Ci rimane poco, anche se senza dubbio c’era una conoscenza migliore dei paesi vicini e lontani: i Faraoni, infatti, organizzavano spedizioni commerciali e viaggi di esplorazione verso terre diverse. Un’iscrizione del tempio di Der-el-Balwi ricorda una navigazione diretta verso la regione di Punt (la Somalia), intrapresa tra il 1493 e il 1492 a.C., con la raffigurazione della nave, ma non del percorso. Nel corso della spedizione del faraone Sesostris contro i popoli sciiti, vennero elaborate carte di tutti i territori conquistati, dove vennero segnate le strade e i confini della Colchide, ma non sono pervenute fino a noi.
Altre testimonianze riguardano mappe catastali, dove si può notare la conoscenza matematica e geometrica e la tassazione vigente basata sul censimento della proprietà fondiaria: ogni anno, quindi, si dovevano aggiornare le dimensioni delle proprietà per determinare con esattezza l’ammontare della tassazione.

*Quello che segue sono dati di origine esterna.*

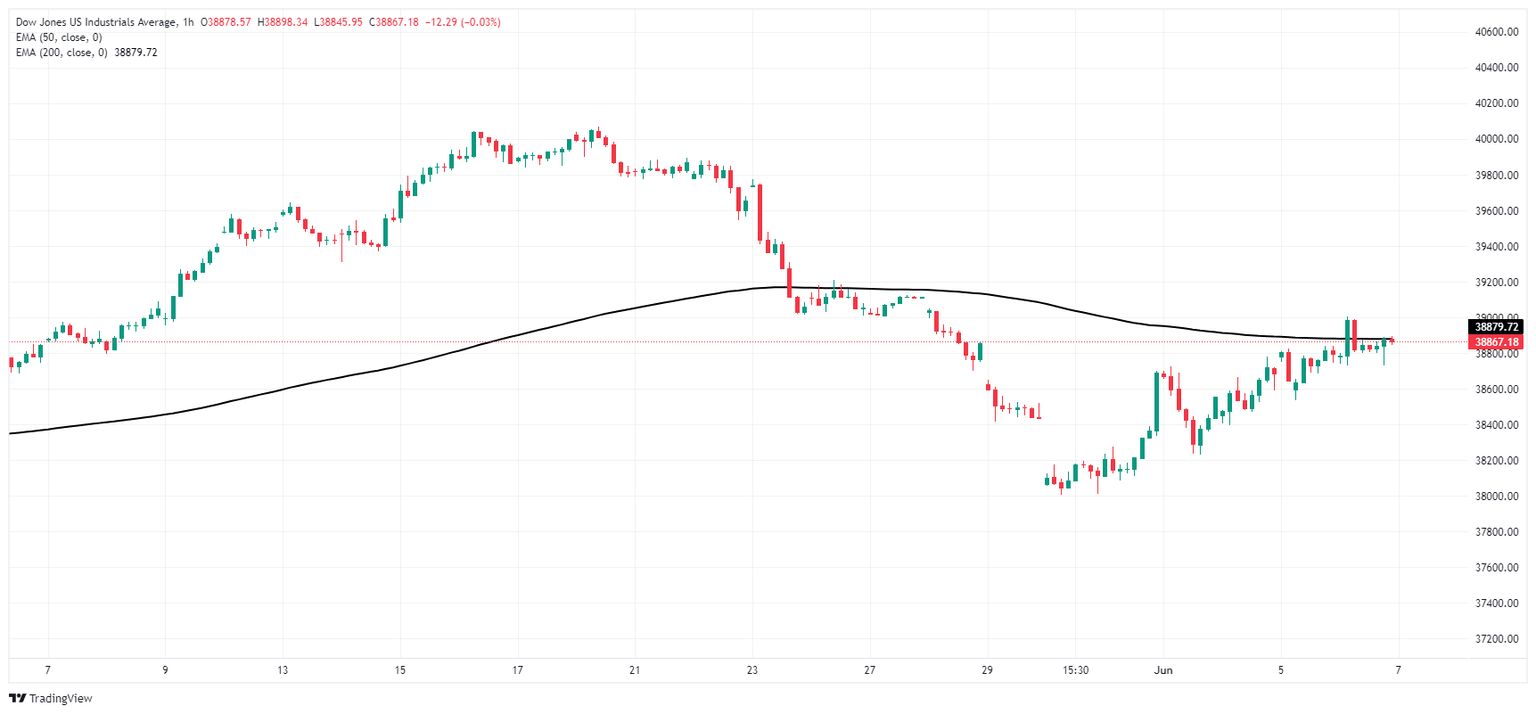 The Down Jones Industrial Average (DJIA) stuck firmly to midrange bets on Thursday as investors knuckle down for the wait to Friday’s US Nonfarm Payrolls (NFP) print. Investors are holding onto hopes for two rate cuts this year from the Federal Reserve (Fed) with the first expected in September. Continued easing in US data will help to confirm a softening economy, increasing the chances that the Fed will get pushed towards a faster pace of rate cuts.

Era ugualmente importante saper misurare e registrare il livello delle acque del fiume, come si nota nella Stele che riporta una registrazione di annali reali con l’indicazione dei diversi livelli raggiunti dalle acque del Nilo. Ci sono rimaste, però, solo piante di edifici, palazzi e templi, tranne una carta particolarissima, che si potrebbe definire geologica e topografica: rappresenta una ristretta porzione della Nubia, dove c’era un giacimento d’oro. Vi sono segnate schematicamente le strade che dalla miniera conducevano al Mar Rosso e anche un piccolo centro abitato, con via principale, case e un tempio dedicato ad Ammor, con l’uso di colori diversi per indicare dove l’oro era presente (rosa) e dove no (nero).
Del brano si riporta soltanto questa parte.